ASSIGNED TASK:
Each entry should be transcribed exactly as written, and any picture left out.

Data extracted from a collection:
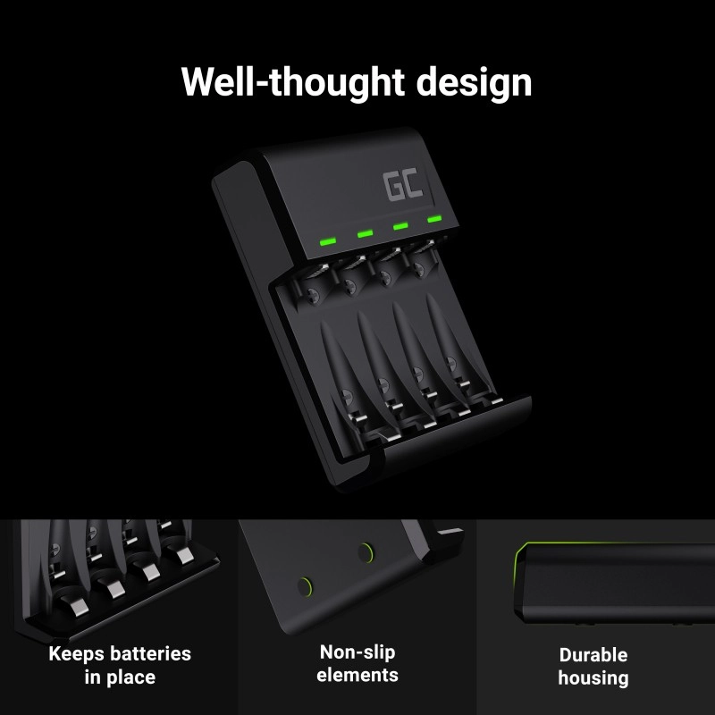 Vďaka štyrom nezávislým kanálom možno nabíjať 1 až 4 články AA alebo AAA súčasne, každý s vlastnou kontrolou a signalizáciou priebehu. Prehľadné LED diódy informujú o stave nabíjania a kondícii každého akumulátora, aby bol proces maximálne bezpečný a efektívny.
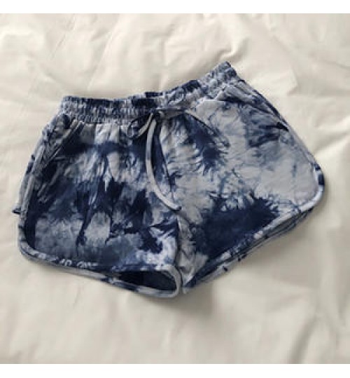 2022 New Fashion Women Girls Summer Beach Tie-dye Shorts Drawstring Elastic Waist Running Sports Short Pants Slim Casual Shorts
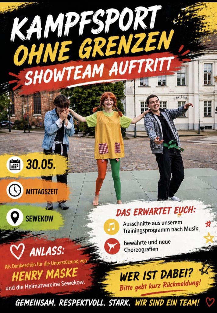 Als Dankeschön für die finanzielle Unterstützung von Herny Maske, tritt unser Show Team mit einer Vorführung in Sewekow mittags auf.
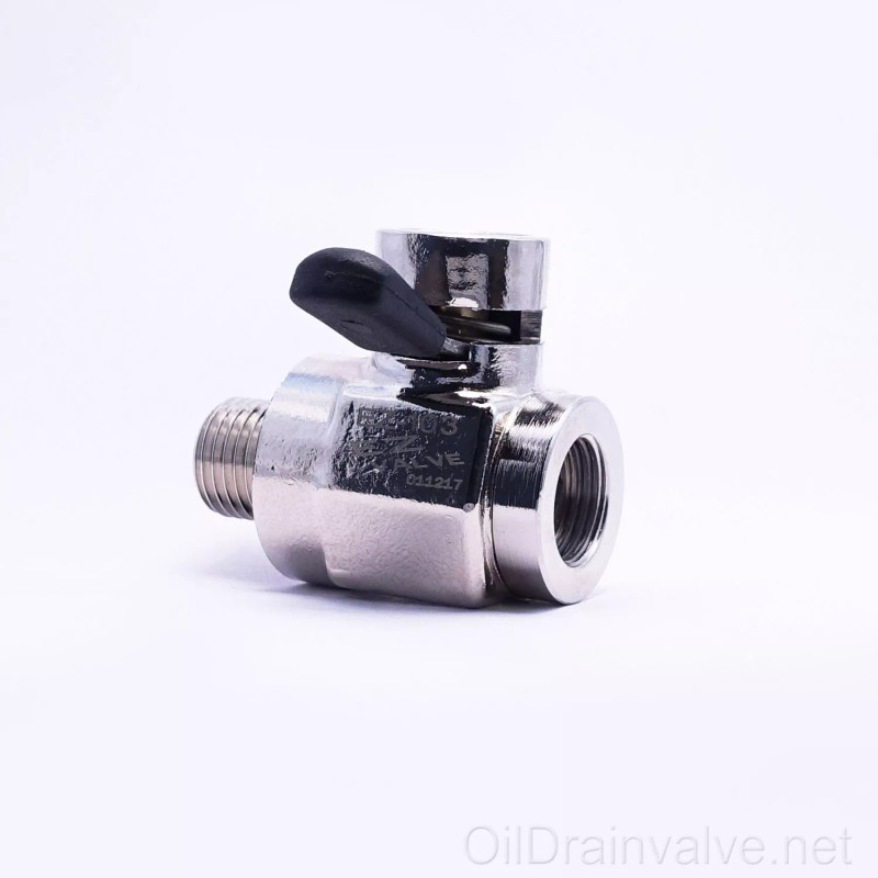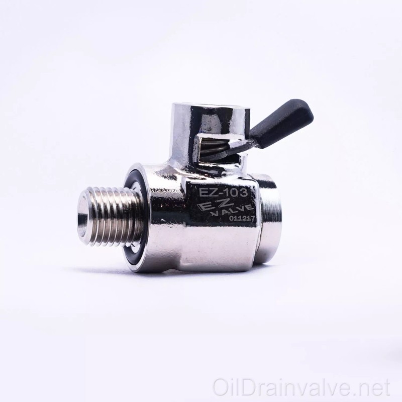 Install this valve and you can drain your engine oil without tools and without mess. Just lift the lever of this solid brass ball valve and give it a quarter turn to open it. Return the lever to its original position and it locks closed, double sealed to prevent leakage. The EZ Oil Drain Valve is made of corrosion resistant forged brass and stainless steel. The ball valve design provides a straight flow for efficient drainage and a perfect seal when closed. Frozen drain plug and stripped threads are eliminated forever. Drawing samples for oil analysis is as easy as one-two-three.
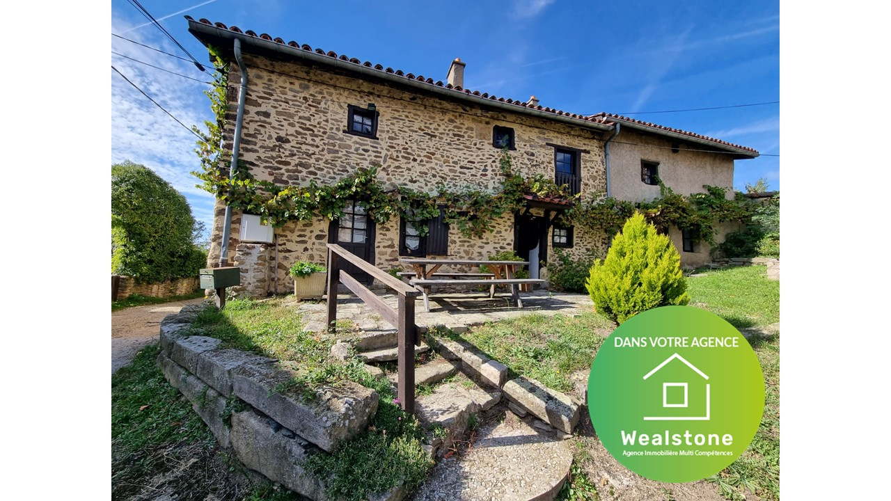 BEAUCOUP DE CHARME POUR CETTE MAISON EN PIERRES A LA CAMPAGNE - IDEALE POUR UNE FAMILLE ET POUR RECEVOIR - POUR RESIDENCE SECONDAIRE OU PRINCIPALE - Située dans un petit hameau à St Chamond (42400) Loire. Possibilité de créer 2 logements distincts avec 2 entrées séparées. L'ensemble représente 227 m2 habitable, composé de demi niveaux avec un potentiel de 5 chambres + 2 mezzanines. On a 2 cuisines et 2 salles de bains. Sans oublier la cave, plus la chaufferie-buanderie avec un vrai four à pain. L'extérieur comprend une terrasse devant la maison et un grand terrain non attenant de plus de 7 000 m2 à proximité de la maison, idéal pour un cheval. En termes d'équipements : chauffage central fuel + cheminée foyer ouvert dans le séjour (à remettre aux normes), wc à chaque niveau, assainissement individuel à remettre aux normes .... BIEN A FORT POTENTIEL A RENOVER ET A DECOUVRIR - Renseignements et visite, contacter Franck MARTELLINO ou l'agence Wealstone
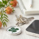 Underbaren tittar den lyckliga nyckelringen, med en rolig för lövpläd för grönt 4 shamrock, mot en vitbakgrund. Underbar lycklig berlock som gör en gullig lite gåva för.
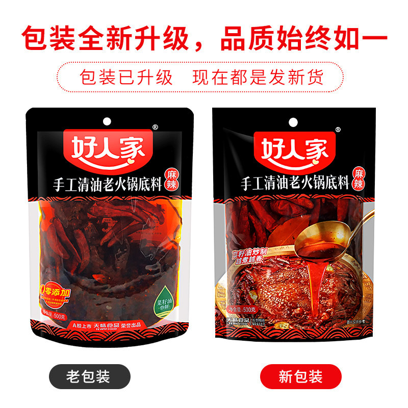 (500g * 10 bags) good people handmade clear oil hot pot soup base Sichuan spicy and clear oil hot pot stock commercial
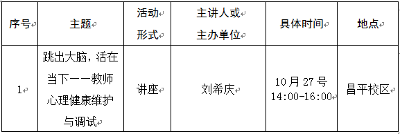 为了更有针对性的解决教师在日常生活和工作中的压力和心理困惑,学校心理健康教育与咨询中心将向各位老师开放。
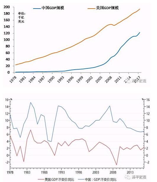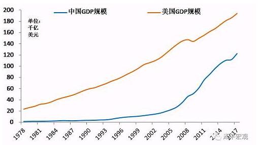 2017年中国GDP规模达到82.7万亿元,相当于12.2万亿美元,为世界第二大经济体。而且,中国离世界第一大经济体美国(2017年GDP为19.3万亿美元)的距离在快速缩小。2017年中国GDP增速为6.9%,虽然低于1978-2008年增速换挡前高增长时期的年均9.8%,但仍远超美国的2.3%。
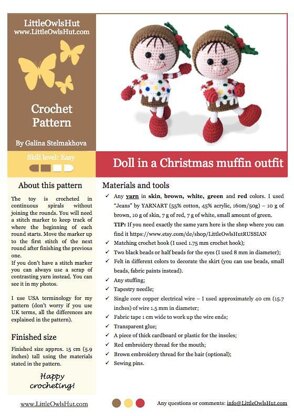 • Any yarn in skin, brown, white, green and red colors. I used “Jeans” by YARNART (55% cotton, 45% acrylic, 160m/50g) – 10 g of brown, 10 g of skin, 7 g of red, 7 g of white, small amount of green.
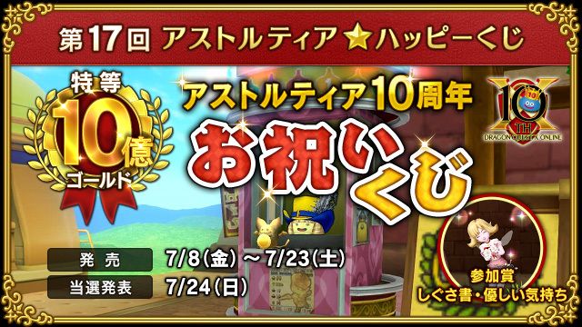 7月8日から第17回アストルティア★ハッピーくじ「アストルティア10周年お祝いくじ」が発売されます。
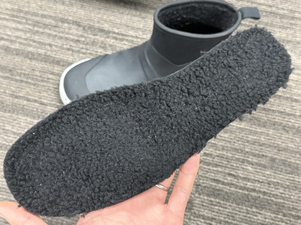 実際にインナーソールを取り外して触ってみましたが、生地も分厚く保温力抜群なのが納得できました。
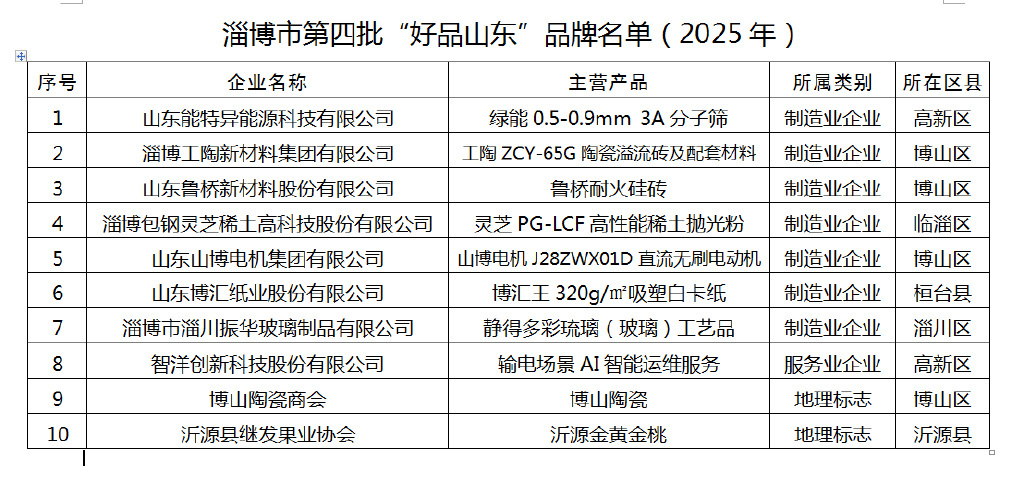 记者梳理名单发现,山东能特异能源科技有限公司、智洋创新科技股份有限公司、博山陶瓷商会、沂源县继发果业协会等全市行业领域内知名企业的品牌产品均位列其中。至此,淄博市在“好品山东”品牌榜上的数字已经扩大到41个。
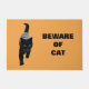 Fotografie einer niedlichen schwarzen Katze auf einem orangefarbenen Hintergrund mit dem Text Achtung vor Katze.
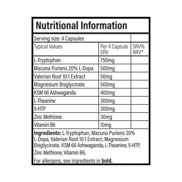 Ingredients: L-Trytophan, Veterian Root, Magnesium Bisglycinate, KSM-66 Ashwagandha, L-Theanine, 5-HTP, Zinc Methlone, Vitamin B6
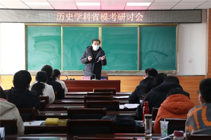 为系统分析上学期期末举行的八省联考中同学们的成绩情况,并以此为基础总结上一阶段教学成果,同时制定下一阶段教学计划,我校教务处组织高三年级于3月3日召开各学科省考研讨会,副校长刘玉香、高智勇出席本次研讨会。
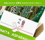★新鮮なまま食べて欲しいから配送方法にもこだわります! 鮮度を持続させるチルド発送にてできる限りおいしいままお客様の手元にお届けしています。鮮度保持袋(P-プラス)にお入れし、立てた状態でお届けできる専用箱で発送します。チルド発送のため「宅配ボックス」などにお入れすることが出来ません。不在時には、必ず不在票をご確認ください。 画像を拡大する ★私たちが朝もぎにこだわる理由! 早朝に収穫する一番の理由は、まだ気温が上がりきらない時間帯に収穫し、温度上昇を最小限に抑えるためです。収穫時の温度上昇は野菜たちにとって天敵なんです!低温のまま収穫し、冷たい湧き水で流水保管することで鮮度を保ったまま発送することができるのです。画像はホワイトアスパラの収穫風景です。すべて手作業で、アスパラに高く土を盛り日光を遮り、少しずつ土を掘り、一本ずつ丁寧に収穫します。 画像を拡大する ★おトクです! ふらのとみたアスパラガスは、送料+チルド料金込みの料金となっています。 ※ただし、沖縄県へのお届けにつきましては2kgまで700円加算となります。また、同時発送で同一お届け先の場合、2㎏ 9,990円なのでまとめて2㎏だと1,990円お得になります!!☆グリーンアスパラ(露地)1㎏+グリーン&生ホワイトアスパラ1㎏の合計2㎏での組み合わせでもお安くなります! 画像を拡大する ★期日指定は不可とさせていただいております! 天候でその日の収穫数が変わりますので、誠に勝手ながら期日指定は不可とさせていただいております。平日お届け・休日お届け・時間指定は可能な限り対応いたしますので、ご希望のお客様は「お届け先・商品情報指定ページ」にてご指定下さい。 収穫できる数が限られているためサイズにバラつきがあります。 冷蔵便で発送いたしますので、アスパラガス以外の商品とは同梱できません。
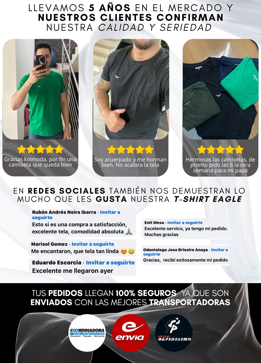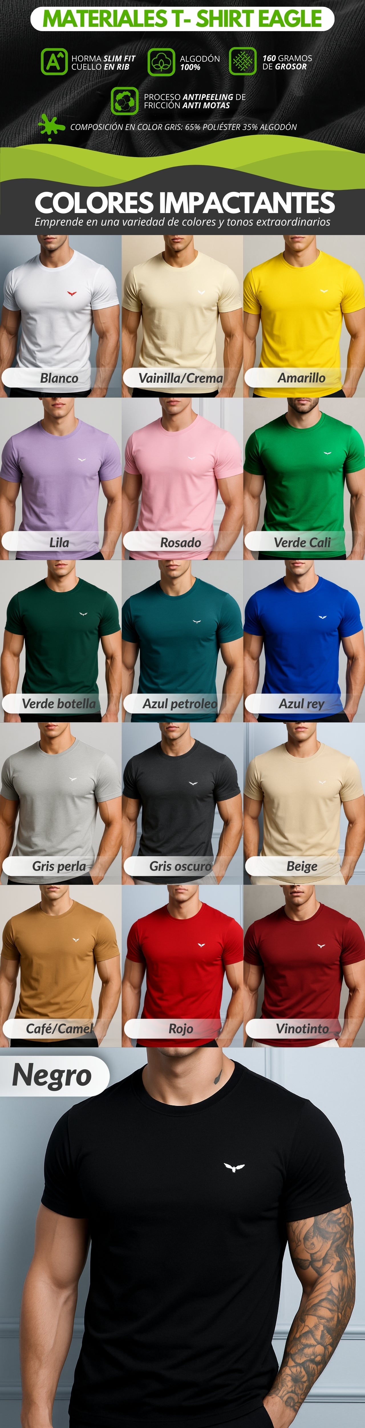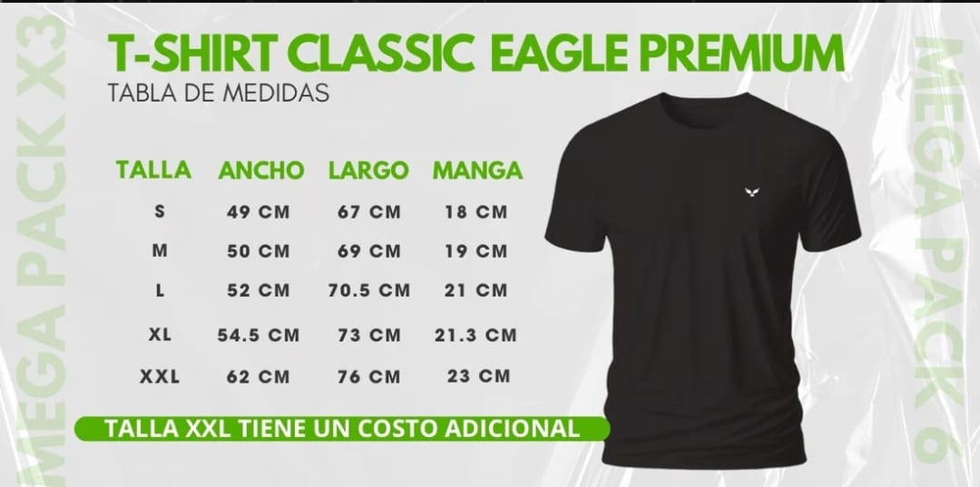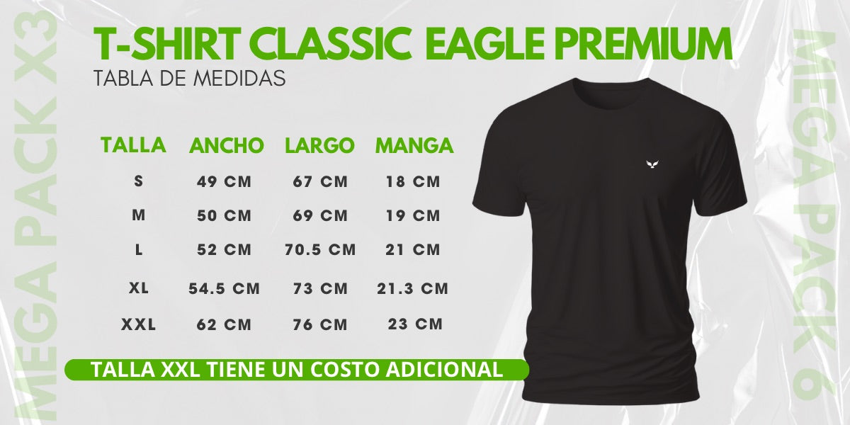 La T-shirt Eagle está hecha de 100% algodón de alta calidad (180g), con tela resistente que NO se motosea para mayor durabilidad.

SOLUTION:
 Vďaka štyrom nezávislým kanálom možno nabíjať 1 až 4 články AA alebo AAA súčasne, každý s vlastnou kontrolou a signalizáciou priebehu. Prehľadné LED diódy informujú o stave nabíjania a kondícii každého akumulátora, aby bol proces maximálne bezpečný a efektívny.
 2022 New Fashion Women Girls Summer Beach Tie-dye Shorts Drawstring Elastic Waist Running Sports Short Pants Slim Casual Shorts
 Als Dankeschön für die finanzielle Unterstützung von Herny Maske, tritt unser Show Team mit einer Vorführung in Sewekow mittags auf.
 Install this valve and you can drain your engine oil without tools and without mess. Just lift the lever of this solid brass ball valve and give it a quarter turn to open it. Return the lever to its original position and it locks closed, double sealed to prevent leakage. The EZ Oil Drain Valve is made of corrosion resistant forged brass and stainless steel. The ball valve design provides a straight flow for efficient drainage and a perfect seal when closed. Frozen drain plug and stripped threads are eliminated forever. Drawing samples for oil analysis is as easy as one-two-three.
 BEAUCOUP DE CHARME POUR CETTE MAISON EN PIERRES A LA CAMPAGNE - IDEALE POUR UNE FAMILLE ET POUR RECEVOIR - POUR RESIDENCE SECONDAIRE OU PRINCIPALE - Située dans un petit hameau à St Chamond (42400) Loire. Possibilité de créer 2 logements distincts avec 2 entrées séparées. L'ensemble représente 227 m2 habitable, composé de demi niveaux avec un potentiel de 5 chambres + 2 mezzanines. On a 2 cuisines et 2 salles de bains. Sans oublier la cave, plus la chaufferie-buanderie avec un vrai four à pain. L'extérieur comprend une terrasse devant la maison et un grand terrain non attenant de plus de 7 000 m2 à proximité de la maison, idéal pour un cheval. En termes d'équipements : chauffage central fuel + cheminée foyer ouvert dans le séjour (à remettre aux normes), wc à chaque niveau, assainissement individuel à remettre aux normes .... BIEN A FORT POTENTIEL A RENOVER ET A DECOUVRIR - Renseignements et visite, contacter Franck MARTELLINO ou l'agence Wealstone
 Underbaren tittar den lyckliga nyckelringen, med en rolig för lövpläd för grönt 4 shamrock, mot en vitbakgrund. Underbar lycklig berlock som gör en gullig lite gåva för.
 (500g * 10 bags) good people handmade clear oil hot pot soup base Sichuan spicy and clear oil hot pot stock commercial
 为了更有针对性的解决教师在日常生活和工作中的压力和心理困惑,学校心理健康教育与咨询中心将向各位老师开放。
 2017年中国GDP规模达到82.7万亿元,相当于12.2万亿美元,为世界第二大经济体。而且,中国离世界第一大经济体美国(2017年GDP为19.3万亿美元)的距离在快速缩小。2017年中国GDP增速为6.9%,虽然低于1978-2008年增速换挡前高增长时期的年均9.8%,但仍远超美国的2.3%。
 • Any yarn in skin, brown, white, green and red colors. I used “Jeans” by YARNART (55% cotton, 45% acrylic, 160m/50g) – 10 g of brown, 10 g of skin, 7 g of red, 7 g of white, small amount of green.
 7月8日から第17回アストルティア★ハッピーくじ「アストルティア10周年お祝いくじ」が発売されます。
 実際にインナーソールを取り外して触ってみましたが、生地も分厚く保温力抜群なのが納得できました。
 记者梳理名单发现,山东能特异能源科技有限公司、智洋创新科技股份有限公司、博山陶瓷商会、沂源县继发果业协会等全市行业领域内知名企业的品牌产品均位列其中。至此,淄博市在“好品山东”品牌榜上的数字已经扩大到41个。
 Fotografie einer niedlichen schwarzen Katze auf einem orangefarbenen Hintergrund mit dem Text Achtung vor Katze.
 Ingredients: L-Trytophan, Veterian Root, Magnesium Bisglycinate, KSM-66 Ashwagandha, L-Theanine, 5-HTP, Zinc Methlone, Vitamin B6
 为系统分析上学期期末举行的八省联考中同学们的成绩情况,并以此为基础总结上一阶段教学成果,同时制定下一阶段教学计划,我校教务处组织高三年级于3月3日召开各学科省考研讨会,副校长刘玉香、高智勇出席本次研讨会。
★新鮮なまま食べて欲しいから配送方法にもこだわります! 鮮度を持続させるチルド発送にてできる限りおいしいままお客様の手元にお届けしています。鮮度保持袋(P-プラス)にお入れし、立てた状態でお届けできる専用箱で発送します。チルド発送のため「宅配ボックス」などにお入れすることが出来ません。不在時には、必ず不在票をご確認ください。 画像を拡大する ★私たちが朝もぎにこだわる理由! 早朝に収穫する一番の理由は、まだ気温が上がりきらない時間帯に収穫し、温度上昇を最小限に抑えるためです。収穫時の温度上昇は野菜たちにとって天敵なんです!低温のまま収穫し、冷たい湧き水で流水保管することで鮮度を保ったまま発送することができるのです。画像はホワイトアスパラの収穫風景です。すべて手作業で、アスパラに高く土を盛り日光を遮り、少しずつ土を掘り、一本ずつ丁寧に収穫します。 画像を拡大する ★おトクです! ふらのとみたアスパラガスは、送料+チルド料金込みの料金となっています。 ※ただし、沖縄県へのお届けにつきましては2kgまで700円加算となります。また、同時発送で同一お届け先の場合、2㎏ 9,990円なのでまとめて2㎏だと1,990円お得になります!!☆グリーンアスパラ(露地)1㎏+グリーン&生ホワイトアスパラ1㎏の合計2㎏での組み合わせでもお安くなります! 画像を拡大する ★期日指定は不可とさせていただいております! 天候でその日の収穫数が変わりますので、誠に勝手ながら期日指定は不可とさせていただいております。平日お届け・休日お届け・時間指定は可能な限り対応いたしますので、ご希望のお客様は「お届け先・商品情報指定ページ」にてご指定下さい。 収穫できる数が限られているためサイズにバラつきがあります。 冷蔵便で発送いたしますので、アスパラガス以外の商品とは同梱できません。
 La T-shirt Eagle está hecha de 100% algodón de alta calidad (180g), con tela resistente que NO se motosea para mayor durabilidad.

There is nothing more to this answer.